Sep  4 10:33:01 godl-vpn /kernel: arplookup b.b.b.b failed: host is not on local network

(where b.b.b.b is B's IP address, i.e. the remote tunnel endpoint)

arp -an shows:
? (b.b.b.b) at (incomplete) [ethernet]

Connectivity is lost until you manually do
  # arp -d b.b.b.b
  # ping b.b.b.b
At this point the IPSEC packets start to flow, until the ARP cache expires again.

Fix: 

Workaround: add static ARP entry for the gateway, so that it never expires.
arp -S 192.168.1.254 gg:gg:gg:gg:gg:gg
How-To-Repeat: You can do this with just one PC running FreeBSD, as it doesn't matter
that the remote end does not exist.

(1) Create /etc/ipsec.conf

[Replace 192.168.1.180 with your PC's ethernet address, but leave all
the other numbers as they are here]

flush;
add 192.168.1.180 192.0.2.1 esp 256
        -E des-cbc 0x1111111111111111
        -A hmac-md5 0x22222222222222222222222222222222;
add 192.0.2.1 192.168.1.180 esp 256
        -E des-cbc 0x1111111111111111
        -A hmac-md5 0x22222222222222222222222222222222;

spdflush;
spdadd 10.0.0.0/24[any] 10.0.1.0/24[any] any
        -P out ipsec esp/tunnel/192.168.1.180-192.0.2.1/require;
spdadd 10.0.1.0/24[any] 10.0.0.0/24[any] any
        -P in ipsec esp/tunnel/192.0.2.1-192.168.1.180/require;

(2) ifconfig lo0 10.0.0.1 netmask 255.255.255.0 alias
(3) setkey -f /etc/ipsec.conf
(4) ping -S 10.0.0.1 10.0.1.1

Make sure there is no other IP traffic being generated by this PC (i.e.
no ntpd etc)

(5) On another VC, run a tcpdump. You should see
16:49:18.950061 192.168.1.180 > 192.0.2.1: ESP(spi=256,seq=0x1b)
16:49:19.960064 192.168.1.180 > 192.0.2.1: ESP(spi=256,seq=0x1c)
16:49:20.970104 192.168.1.180 > 192.0.2.1: ESP(spi=256,seq=0x1d)
16:49:21.980124 192.168.1.180 > 192.0.2.1: ESP(spi=256,seq=0x1e)

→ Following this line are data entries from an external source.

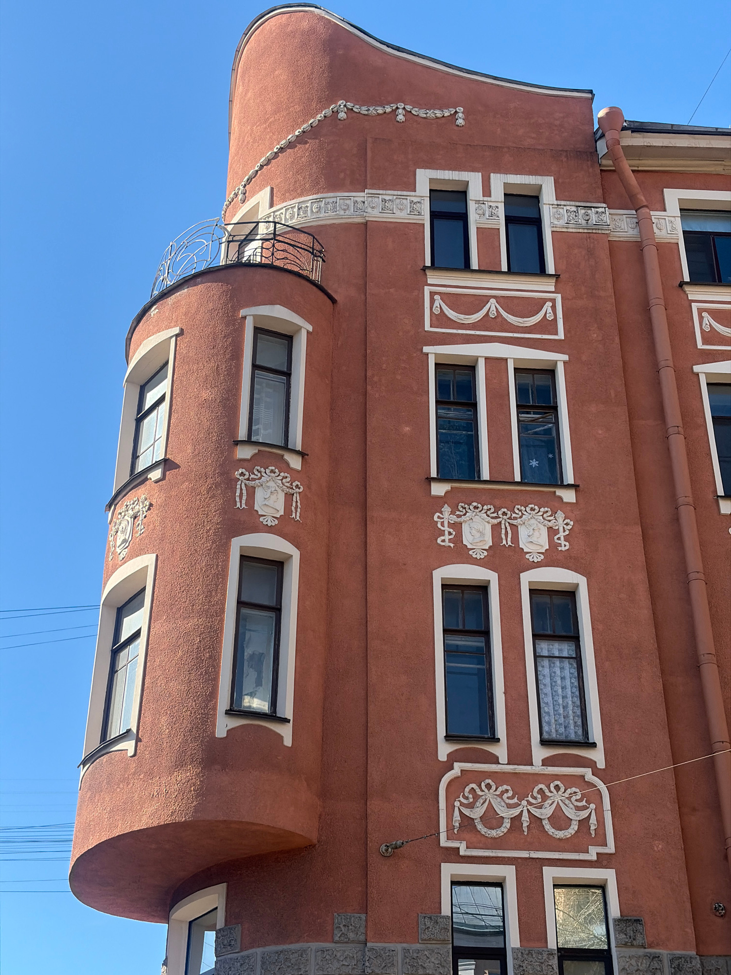 This image captures the richly decorated facade of a multi-story building, likely located in Saint Petersburg, Russia, set against a bright, clear blue sky on a sunny day. The building is painted in a…read more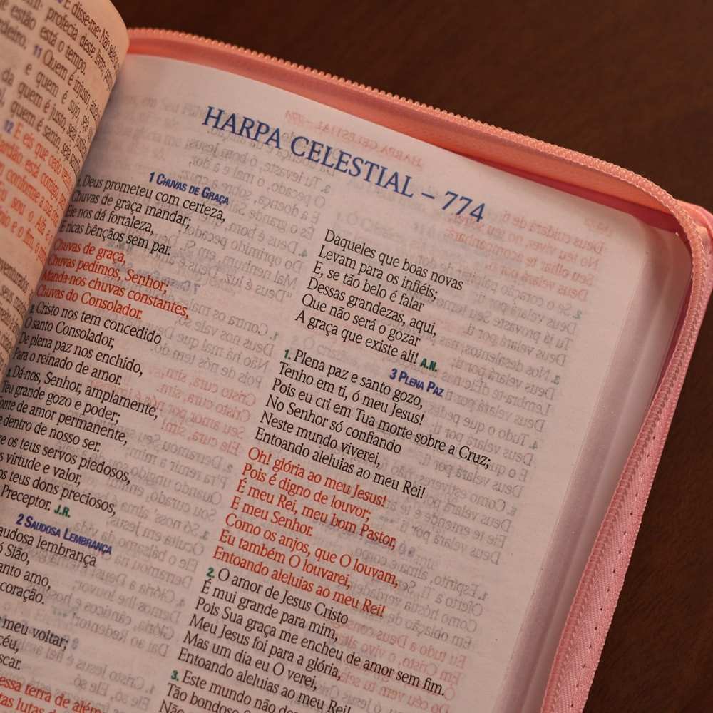 Bíblia Sagrada C/ Zíper | ARC | Letra Hipergigante | Capa Luxo Rosa | Harpa Celestial 774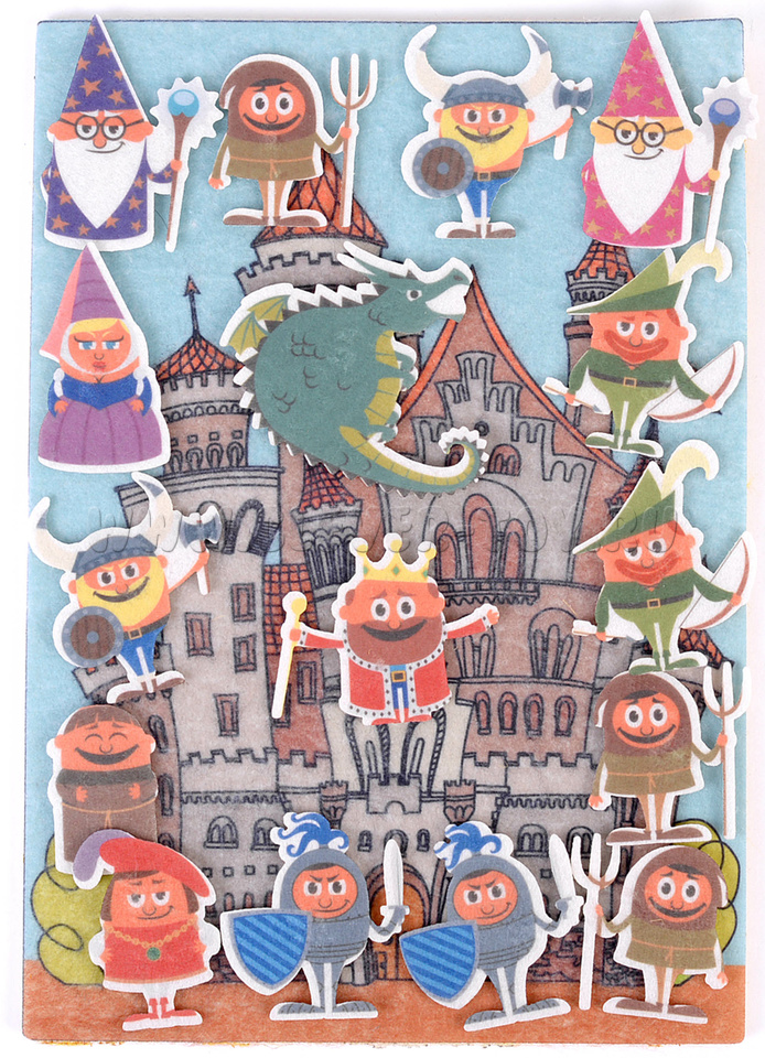 • 16 фигурок героев, выполненных в мультипликационном стиле: король, королева, звездочёт, дракон, забавные рыцари и стражники, которые держат в руках разное оружие;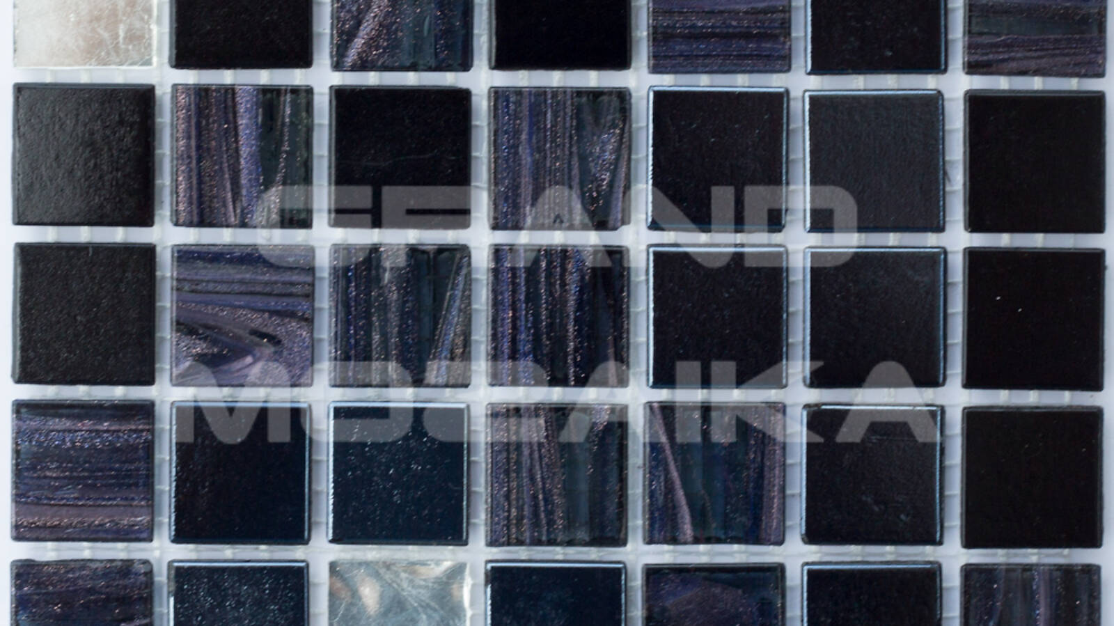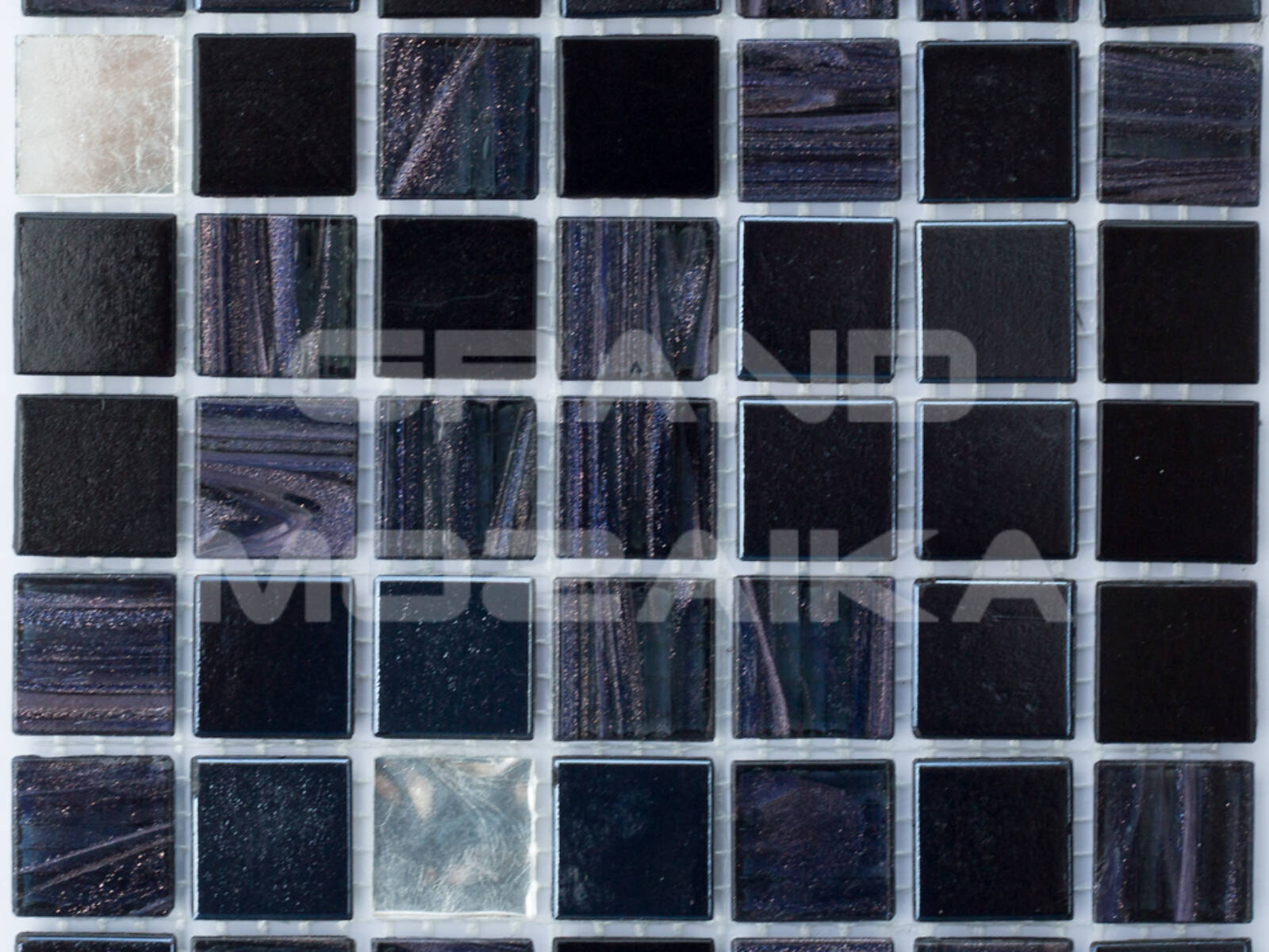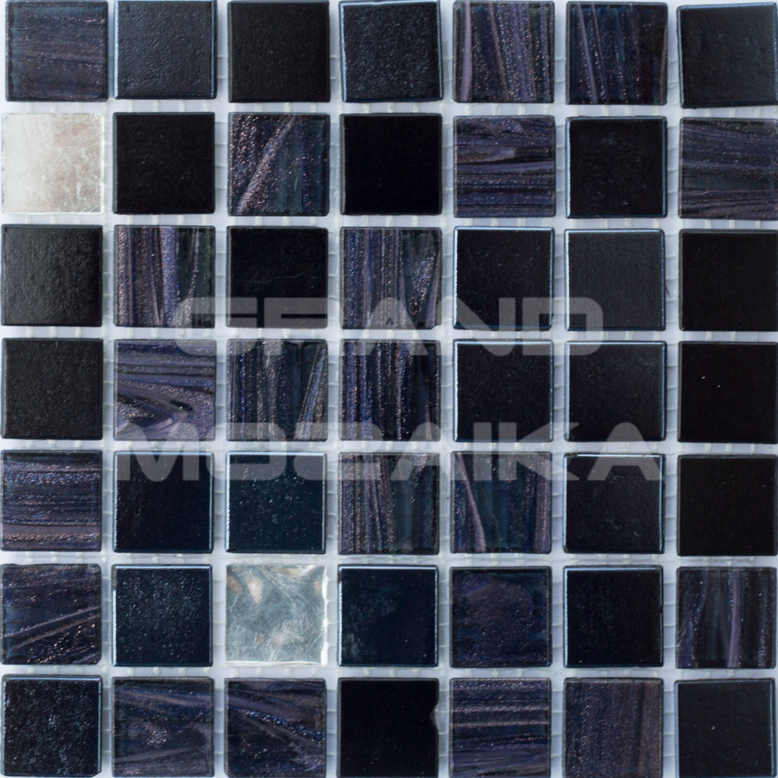 Стеклянная мозаика, серия Mix JNJ, цвет: черный, серебряный, фиолетовый, размер чипа (мм): 20x20

(except with 192.168.1.180 changed to your local ethernet address)

(6) On a third VC, type "arp -d 192.168.1.254" (but use your PC's
gateway address instead of 192.168.1.254)

Go back to the second VC and you will see:

16:49:22.990120 arp who-has 192.0.2.1 tell 192.168.1.180
                            ^^^^^^^^^
i.e. it is ARPing for the tunnel endpoint, not the gateway.

If you have a Cisco on your network in its default mode (gratiously
proxy ARP) then the Cisco will respond, but the kernel will ignore it.

(7) arp -n 192.168.1.254
? (192.168.1.254) at (incomplete) [ethernet]

(8) Stop the ping -S process and do
arp -d 192.168.1.254
ping 192.168.1.254

Then restart the ping -S; the packets will be flowing again.
Comment 1 Brian Candler 2000-09-06 17:17:58 UTC
Turns out this has already been reported to KAME project as
http://orange.kame.net/dev/query-pr.cgi?pr=233
Comment 2 Brian Candler 2000-09-06 17:26:18 UTC
[And the last part of the description should read as:]

arp -an shows:
? (g.g.g.g) at (incomplete) [ethernet]

where g.g.g.g is R1's IP address on the link to A, i.e. A's default gateway.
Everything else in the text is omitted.